I hope this was helpful.

Discord: dangero#0750
Steam: dangero2000
TWITCH
YOUTUBE and YOUTUBE DISCORD SERVER

2024-03-20 01:38:16

No, it's of reasonable difficulty.  If and only if the professor is like "you're modifying gcc 10 look here here and here".  But if there's no plan other than meh go figure it out...shrug. Don't think it's a trick personally. Think the professor is just one of those dicks who doesn't believe in giving out 100s.

My Blog
Twitter: @ajhicks1992

2024-03-20 03:16:40 (edited by Ethin 2024-03-20 03:18:13)

Yeah asking you to modify a compiler without providing you any assistance or information is absolutely insane. Modern compilers are crazy complicated. Messing around with a compiler like TCC or LCC would be easier but it's questionable whether he'd accept that since he clearly expects you to be a master of compiler engineering and ancient codebases that are 20-30 years old and have a ton of technical debt.
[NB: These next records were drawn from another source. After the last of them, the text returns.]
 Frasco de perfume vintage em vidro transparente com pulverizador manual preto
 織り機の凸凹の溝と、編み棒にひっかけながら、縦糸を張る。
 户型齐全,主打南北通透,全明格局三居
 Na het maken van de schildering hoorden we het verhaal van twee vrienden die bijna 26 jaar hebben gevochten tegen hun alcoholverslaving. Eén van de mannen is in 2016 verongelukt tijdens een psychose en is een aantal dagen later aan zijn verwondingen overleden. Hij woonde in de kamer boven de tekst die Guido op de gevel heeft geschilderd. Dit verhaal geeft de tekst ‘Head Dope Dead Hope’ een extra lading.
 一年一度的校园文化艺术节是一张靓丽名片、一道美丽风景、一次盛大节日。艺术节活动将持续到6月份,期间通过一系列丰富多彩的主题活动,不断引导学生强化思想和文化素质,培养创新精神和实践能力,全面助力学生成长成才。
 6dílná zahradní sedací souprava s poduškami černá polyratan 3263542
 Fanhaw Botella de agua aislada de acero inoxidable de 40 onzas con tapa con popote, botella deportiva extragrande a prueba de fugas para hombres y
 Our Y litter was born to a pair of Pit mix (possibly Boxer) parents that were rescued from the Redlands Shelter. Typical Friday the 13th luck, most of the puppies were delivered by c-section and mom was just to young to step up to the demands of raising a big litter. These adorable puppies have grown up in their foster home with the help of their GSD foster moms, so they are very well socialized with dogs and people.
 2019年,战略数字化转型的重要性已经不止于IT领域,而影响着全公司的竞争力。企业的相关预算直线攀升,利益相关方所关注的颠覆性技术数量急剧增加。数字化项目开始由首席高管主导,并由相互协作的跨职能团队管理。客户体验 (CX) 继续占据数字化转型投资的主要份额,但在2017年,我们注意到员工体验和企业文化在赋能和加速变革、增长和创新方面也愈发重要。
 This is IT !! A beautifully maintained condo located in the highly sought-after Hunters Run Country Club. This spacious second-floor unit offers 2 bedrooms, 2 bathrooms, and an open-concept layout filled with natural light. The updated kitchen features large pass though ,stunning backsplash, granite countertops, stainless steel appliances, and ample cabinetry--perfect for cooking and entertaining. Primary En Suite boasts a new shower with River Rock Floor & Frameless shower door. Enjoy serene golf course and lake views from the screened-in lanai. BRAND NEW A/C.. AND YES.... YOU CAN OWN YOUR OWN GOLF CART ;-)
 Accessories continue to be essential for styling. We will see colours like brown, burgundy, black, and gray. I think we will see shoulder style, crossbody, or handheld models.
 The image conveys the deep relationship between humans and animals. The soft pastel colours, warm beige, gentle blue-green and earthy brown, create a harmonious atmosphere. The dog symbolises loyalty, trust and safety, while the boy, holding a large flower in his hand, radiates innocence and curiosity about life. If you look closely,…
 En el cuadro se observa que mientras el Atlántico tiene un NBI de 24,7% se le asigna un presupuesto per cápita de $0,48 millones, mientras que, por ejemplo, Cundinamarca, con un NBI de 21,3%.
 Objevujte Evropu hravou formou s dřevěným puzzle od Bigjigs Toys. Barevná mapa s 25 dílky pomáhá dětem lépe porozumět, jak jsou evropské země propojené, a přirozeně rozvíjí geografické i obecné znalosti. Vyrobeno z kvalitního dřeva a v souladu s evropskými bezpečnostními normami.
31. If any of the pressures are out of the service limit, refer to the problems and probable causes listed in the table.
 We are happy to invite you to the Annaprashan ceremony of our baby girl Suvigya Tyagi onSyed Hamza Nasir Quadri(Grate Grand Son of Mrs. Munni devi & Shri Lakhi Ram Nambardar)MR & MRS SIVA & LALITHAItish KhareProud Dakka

I'd just take the hit if I were you. Not even my professors were that evil.

"On two occasions I have been asked [by members of Parliament!]: 'Pray, Mr. Babbage, if you put into the machine wrong figures, will the right answers come out ?' I am not able rightly to apprehend the kind of confusion of ideas that could provoke such a question."    — Charles Babbage.
My Github

2024-03-21 07:38:59

hello,
at least clang is newer than gcc if the modification is the case
but you might write a new architecture for it I suppose.
pick one of its architectures (I suppose arm in your case), modify it not to spit other instructions (except yours) and then you need to modify llvm IR as per your arch.
maybe your other bet is to use its pass manager? (I suppose you need to do a huge set of optimizations by your own as the list is huge and you need to modify them).
really I was not into llvm internals, and my answers can be wrong.
but in case of yours, you have a lot to do as those internals are very hard to modify.
if clang is your option and your professor accepts it, instead of modifying gcc go for it. maybe you can create a new arch for llvm and use it as the basis of your machine arch.